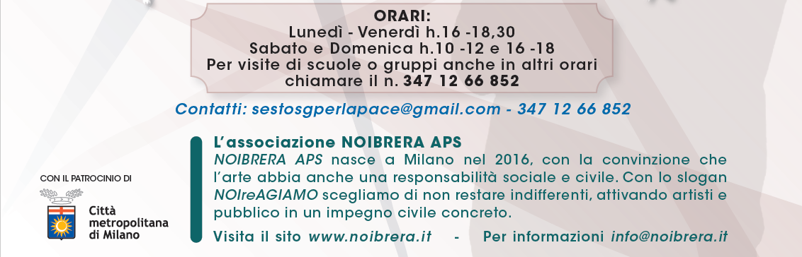 In collaborazione con il Presidio per la Pace di Sesto San Giovanni, l’associazione NOIBRERA APS, dopo avere testimoniato, già nel 2022 all’insorgere del conflitto Russia – Ucraina, la sua contrarietà alla guerra con il progetto “L'ARTE ORIZZONTE DI PACE”, torna a stimolare la riflessione di essere umano e artista che vive quanto accade oggi nel mondo e che inevitabilmente fa i conti con quanto è accaduto nel passato: la guerra!
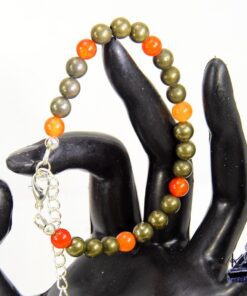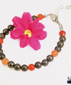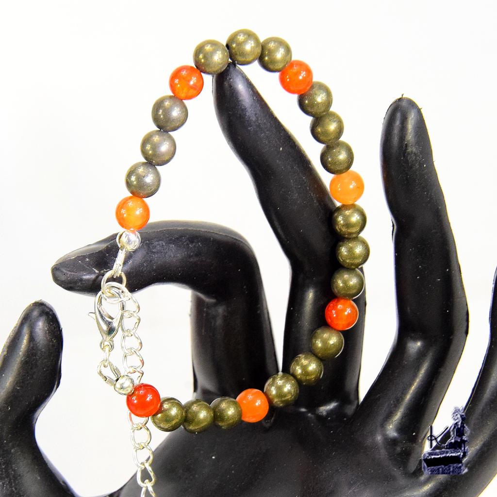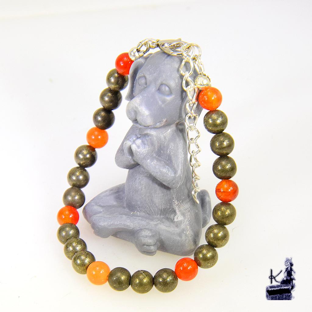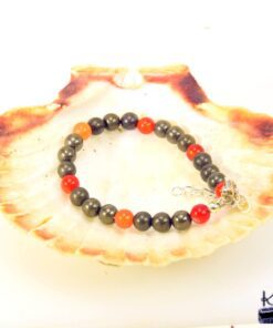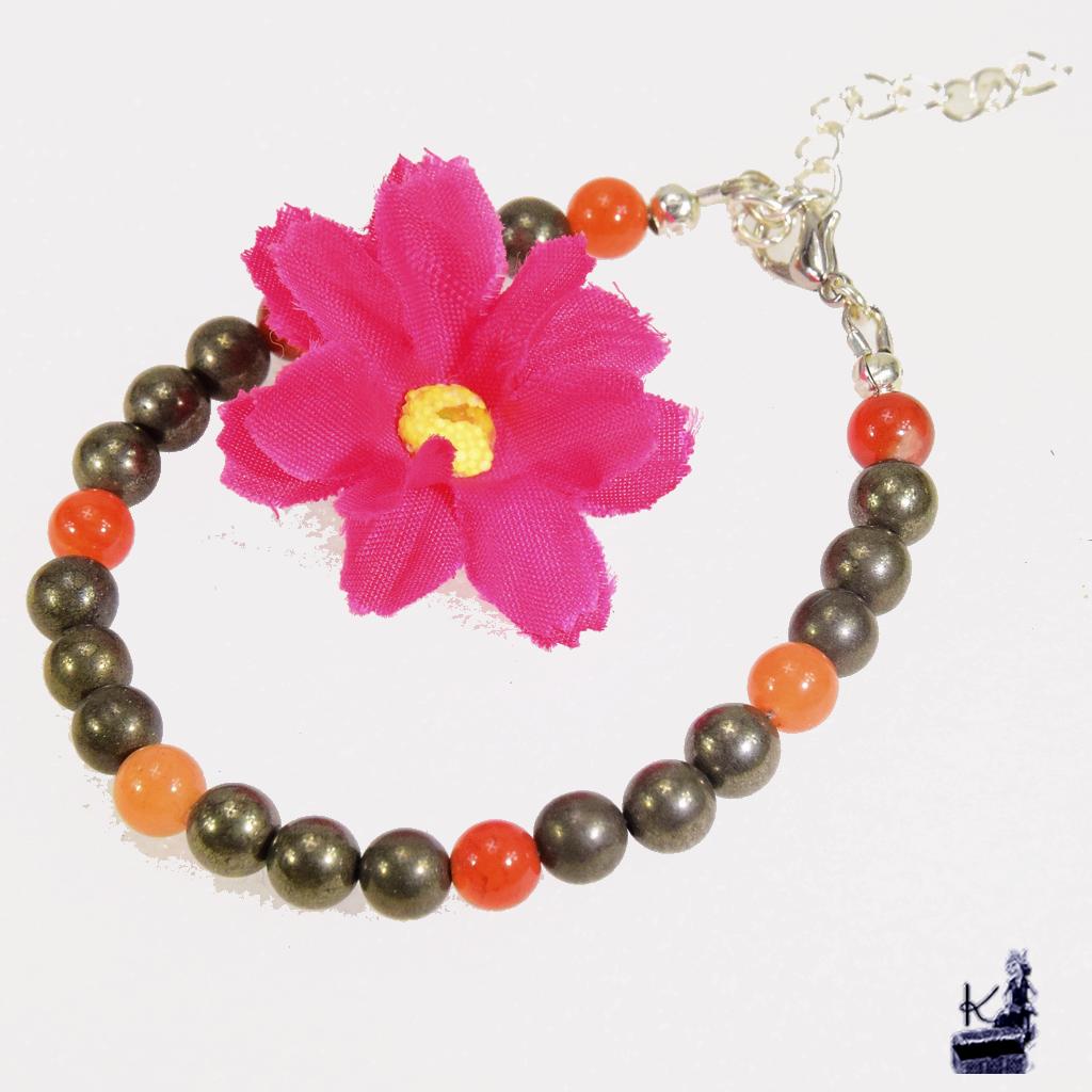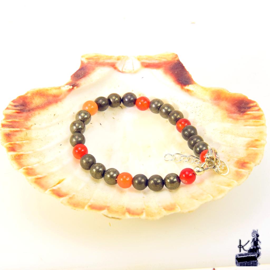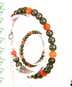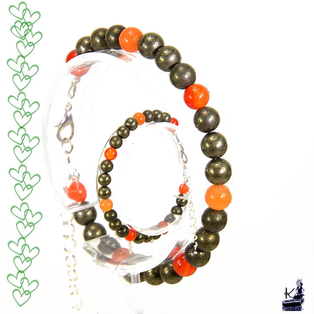 Pierres naturelles : Pyrite (éclats métalliques) et Cornaline (nuances orangées à rouges).
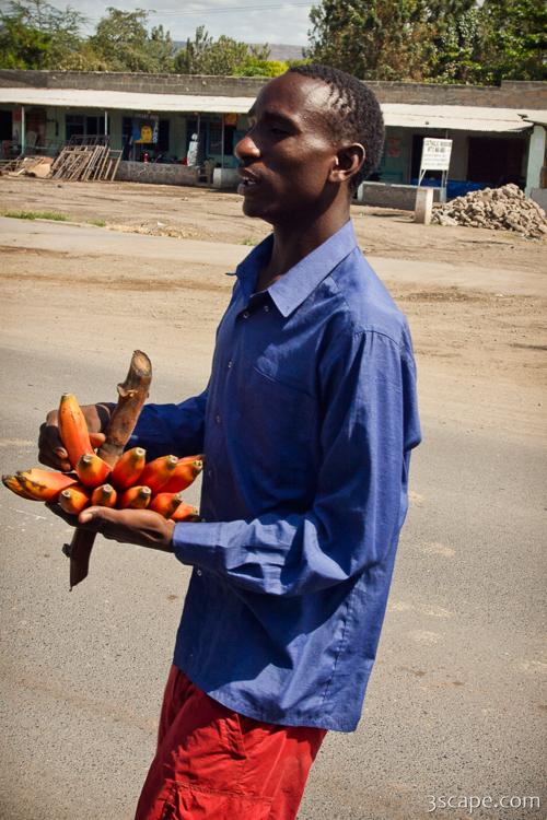 This guy sold us some red bananas.
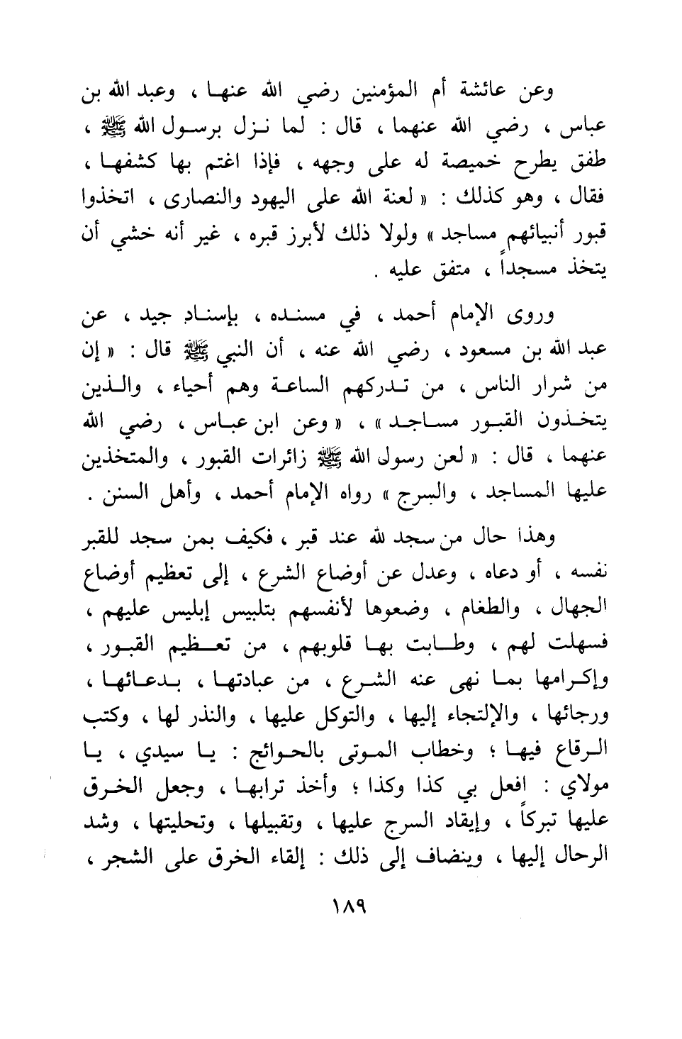 وروى الإمام أحمد في مسنده، بإسناد جيد، عن عبد الله بن مسعود، (أن النبي قال: "إن من شرار الناس، من تدركهم الساعة وهم أحياء، والذين يتخذون القبور مساجد " 2 وعن ابن عباس، رضي الله عنهما; قال: " لعن رسول الله زائرات القبور، والمتخذين عليها المساجد، والسرج" 3 رواه الإمام أحمد، وأهل السنن.

* * *

▶ _What you will do_
Please retype the material above exactly, and omit its images.

▶ _Result of the task_
 In collaborazione con il Presidio per la Pace di Sesto San Giovanni, l’associazione NOIBRERA APS, dopo avere testimoniato, già nel 2022 all’insorgere del conflitto Russia – Ucraina, la sua contrarietà alla guerra con il progetto “L'ARTE ORIZZONTE DI PACE”, torna a stimolare la riflessione di essere umano e artista che vive quanto accade oggi nel mondo e che inevitabilmente fa i conti con quanto è accaduto nel passato: la guerra!
 Pierres naturelles : Pyrite (éclats métalliques) et Cornaline (nuances orangées à rouges).
 This guy sold us some red bananas.
 وروى الإمام أحمد في مسنده، بإسناد جيد، عن عبد الله بن مسعود، (أن النبي قال: "إن من شرار الناس، من تدركهم الساعة وهم أحياء، والذين يتخذون القبور مساجد " 2 وعن ابن عباس، رضي الله عنهما; قال: " لعن رسول الله زائرات القبور، والمتخذين عليها المساجد، والسرج" 3 رواه الإمام أحمد، وأهل السنن.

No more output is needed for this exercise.